Lorsqu'un vendeur d'un véhicule reste en défaut de délivrer les documents de bord, rendant de ce fait, l'immatriculation du véhicule impossible par l'acheteur, celui-ci a le droit de demander la résolution de la vente sur la base de l'article 1610 Co.Civ.

La perte des documents étant antérieure à la conclusion de la vente, le vendeur n'a pas pu faire valoir la force majeure.

L'affaire met en scène une voiture Citroën C25, sérieusement endommagée par le feu.
Sur place, l'expert déclare le véhicule en perte totale.

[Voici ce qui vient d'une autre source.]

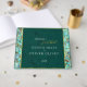 Wedding Guest Book floral pattern teal coloured flowers with golden streaks and rust and deep emerald green textured background. Vintage Wedding Guest Book. Turquoise Flowers and Deep Emerald Green Collection.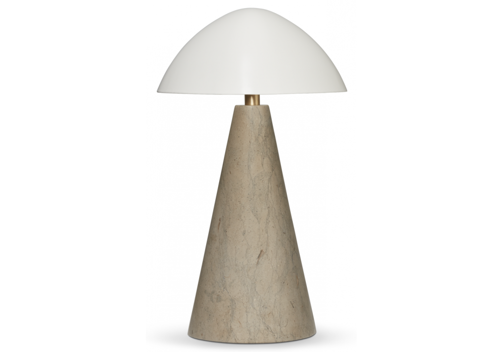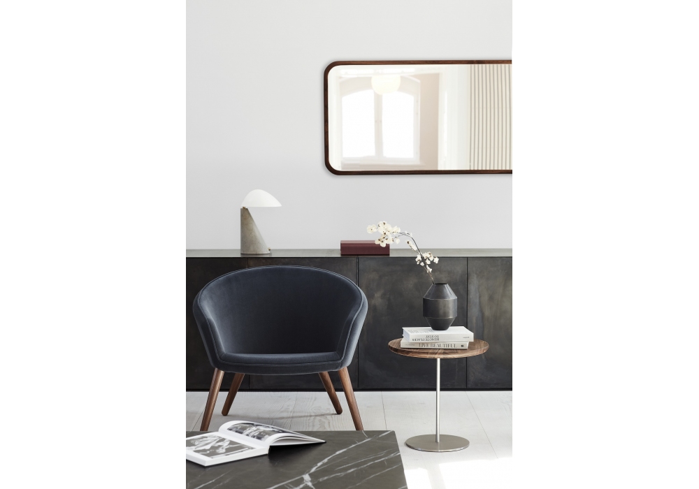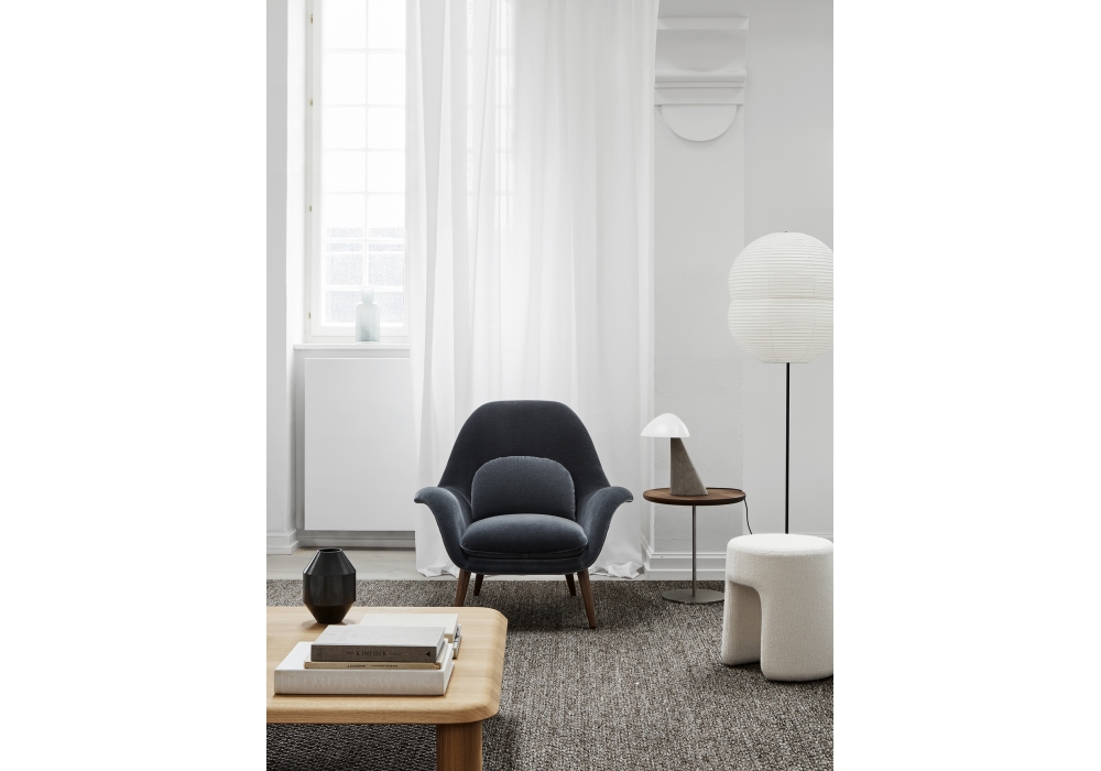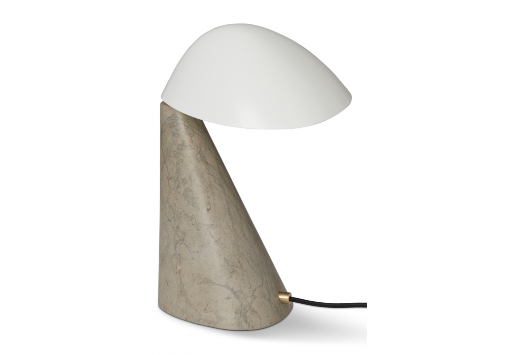Fellow diseñada por Space Copenhagen para Fredericia es una lámpara de mesa LED realizada con una base de piedra caliza atlántica oscura y una pantalla de acero con recubrimiento en polvo que puede girar un máximo de 150 grados a cada lado desde la posición central. Cable de alimentación de tela negra con interruptor de encendido/apagado. Detalles de latón macizo.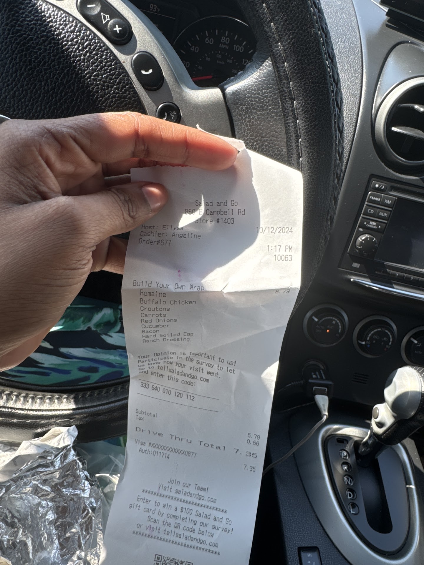 Ā Ā Ā Read moreI donāt even like giving bad reviews yet I love this spot for the few workers that greet with a smile and go above and beyond when needed. Iām appalled at how the service has went down hill in the past couple of weeks. There is two employees specifically that have consistently showed lack of customer service. Those names are Aby and Zenith. I requested a minestrone soup and kindly asked if they can add more vegetables than juice because the first time I ordered I got very little vegetables and all juice so that next 3 visits I specified to add more vegetables than juice and they did just that. On the day Aby was working, she said āWe canāt do that.ā In all my 10+ years of customer service industry, I have never told a customer what I ācanāt do.ā Moving along, Zenith was on duty to work and she was taking the orders. I ordered a BBQ Ranch wrap and a frozen strawberry drink. She never greeted with a hello or how can I help you it was just āWhat would you like?ā Then ādrive to the window.ā After I said āThank you!ā She didnāt respond! I figured she was having a rough day. When I got to the window she was sitting, and Iām sure she was supposed to be standing, in a torn up roller chair and was laughing and giggling with the staff members. When I got my order from one of the employees who is always so kind and generous, I told him the order was wrong(I had gotten the wrap and she put in salad instead). He went back there to correct it for me. I told him āShe is slowing yāall up.ā This is a place myself and my husband always come to just about everyday but the service from those two women are really making me consider not coming back. They need to be retrained on how to properly communicate with the customers so as not offend them. I am not taking this up with the Guest Service either so no need to send a (AI)...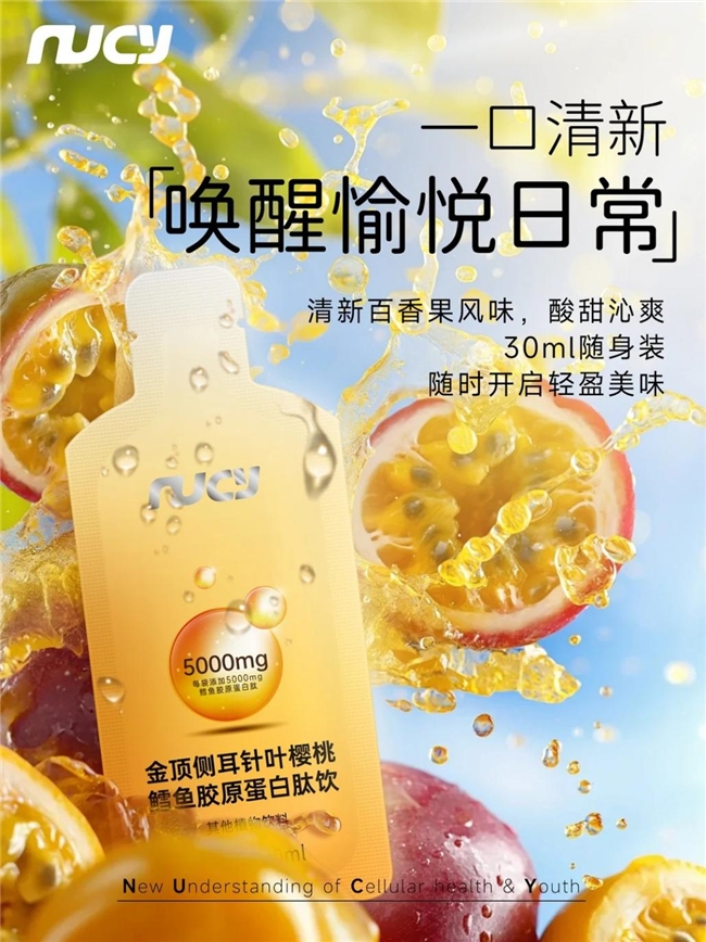 如果想在日常里增加一点悦己小仪式,NUCY针叶樱桃胶原蛋白肽饮不能错过。它的风味特别讨喜,清新的百香果味,酸甜沁爽,带来很棒的味觉体验,冷藏后饮用更是冰润清爽,带来清爽的味觉体验。在原料上,它严选法国鲣鱼弹性蛋白肽和深海鳕鱼胶原蛋白肽,品质清晰可溯,还复配了巴西针叶樱桃粉与日本金顶侧耳浓缩粉,汇聚全球优质营养。更方便的是,它采用30ml随身装设计,轻巧不占地,放进手袋里就能随时取用,0脂肪的配方也让我们享受美味的同时没有负担。这款饮品带来的不只是营养补给,更是一种恰到好处的生活态度,提醒我们在忙碌中也要温柔关注自己。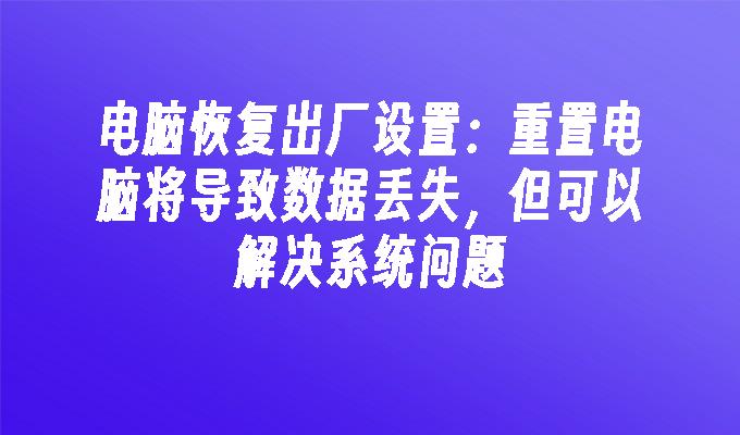 电脑恢复出厂设置:重置电脑将导致数据丢失,但可以解决系统问题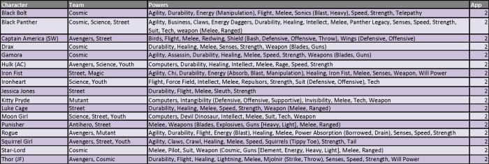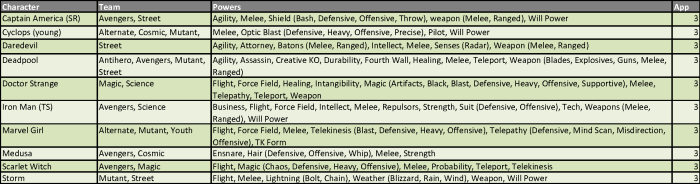 These appearance estimates, based on comic solicitations and cover artwork provided by the Marvel Database wiki, are meant as a guideline and not an indication of a specific draft order. Character names, team designations and power sets conform to the most current information provided by the Database. Power designations are simplified for easier classification and choice, providing the majority of the heroes with 9 to 11 eligible powers from which to choose. As a reminder, you may only have one hero per team designation on your roster and are allowed to select three powers from the heroes’ power set. Powers in (parenthesis) are a subset of the overall ability and can be selected as well as the generic use of that power. For example, Deadpool can be drafted as any of his four team classifications and can use Weapons, Blades and Guns as his three powers (Blades and Guns being a subset of the overall Weapons skill).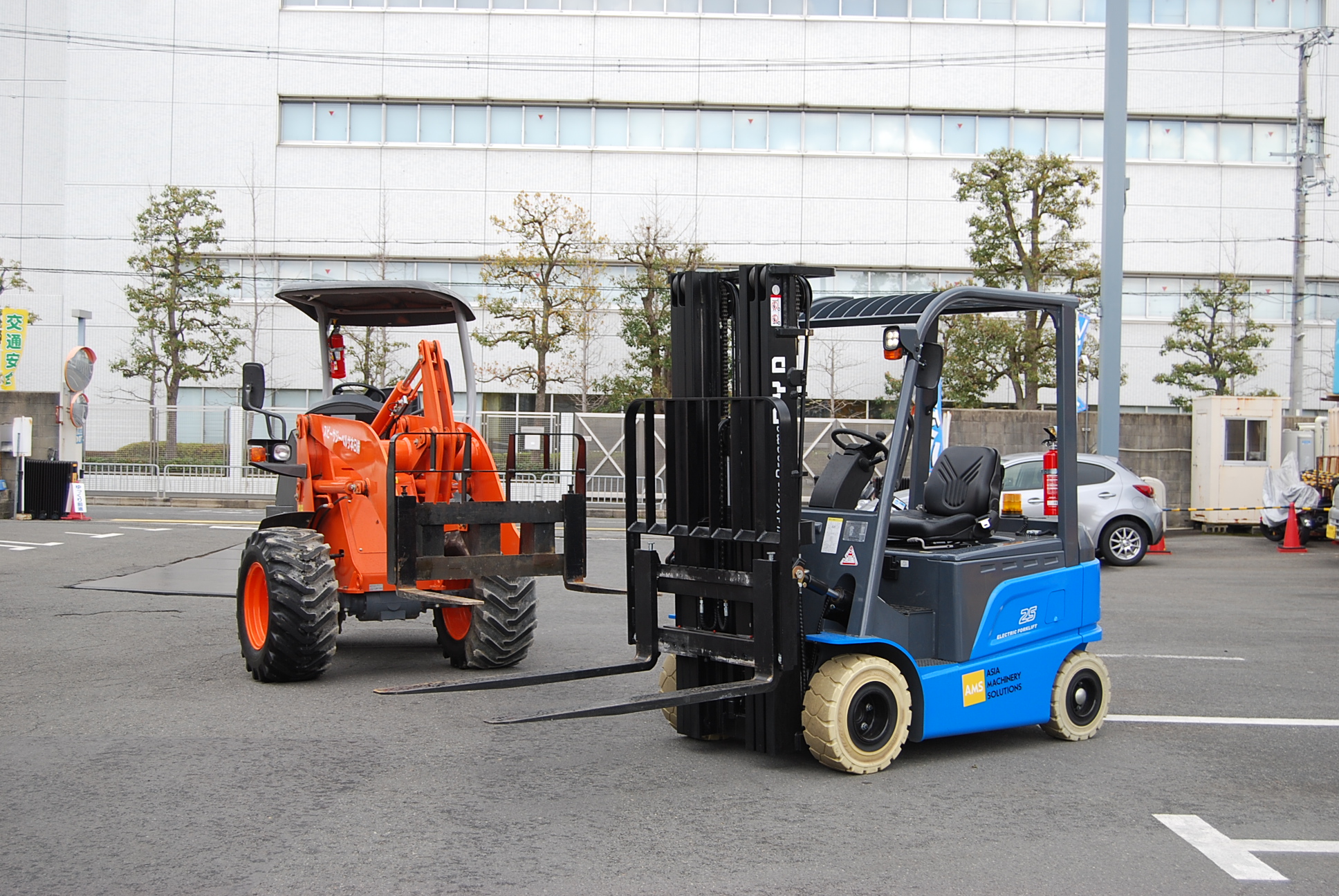 不整地走行に適した、ホイールローダー型のフォークリフト 悪路や傾斜地のような地...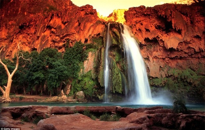 Thác nước Havasu chảy thành hai dòng khi đổ xuống hồ nước phía dưới. Nguồn nước ngọt của dòng thác phủ xanh lớp đất đá sẫm màu của hẻm núi vĩ đại nhất hành tinh.

Le propriétaire réussit à vendre l'épave par l'intermédiaire d'un bureau d'expertises pour la somme de 152.600 francs.

Au moment où l'acheteur veut prendre livraison de la voiture, le vendeur lui signale qu'il ne dispose plus des documents de bord : eux aussi ont péri par les flammes.

Le vendeur possède toutefois un formulaire établi par la gendarmerie, attestant de la dépossession involontaire. Ce papier doit permettre à l'acheteur d'obtenir des duplicata des documents de bord. L'acheteur ne l'entend pas de cette oreille et exige, avant tout paiement, soit les documents de bord originaux, soit une déclaration de la DIV certifiant que le véhicule pourra être immatriculé sans problèmes. Le vendeur n'est pas d'accord et soumet le litige au tribunal.
infos64L'acheteur estime pour sa part que le vendeur n'a pas respecté son obligation de délivrance dans la mesure où les documents de bord n'ont pu être fournis. Outre la résolution du contrat de vente, il exige des dommages et intérêts.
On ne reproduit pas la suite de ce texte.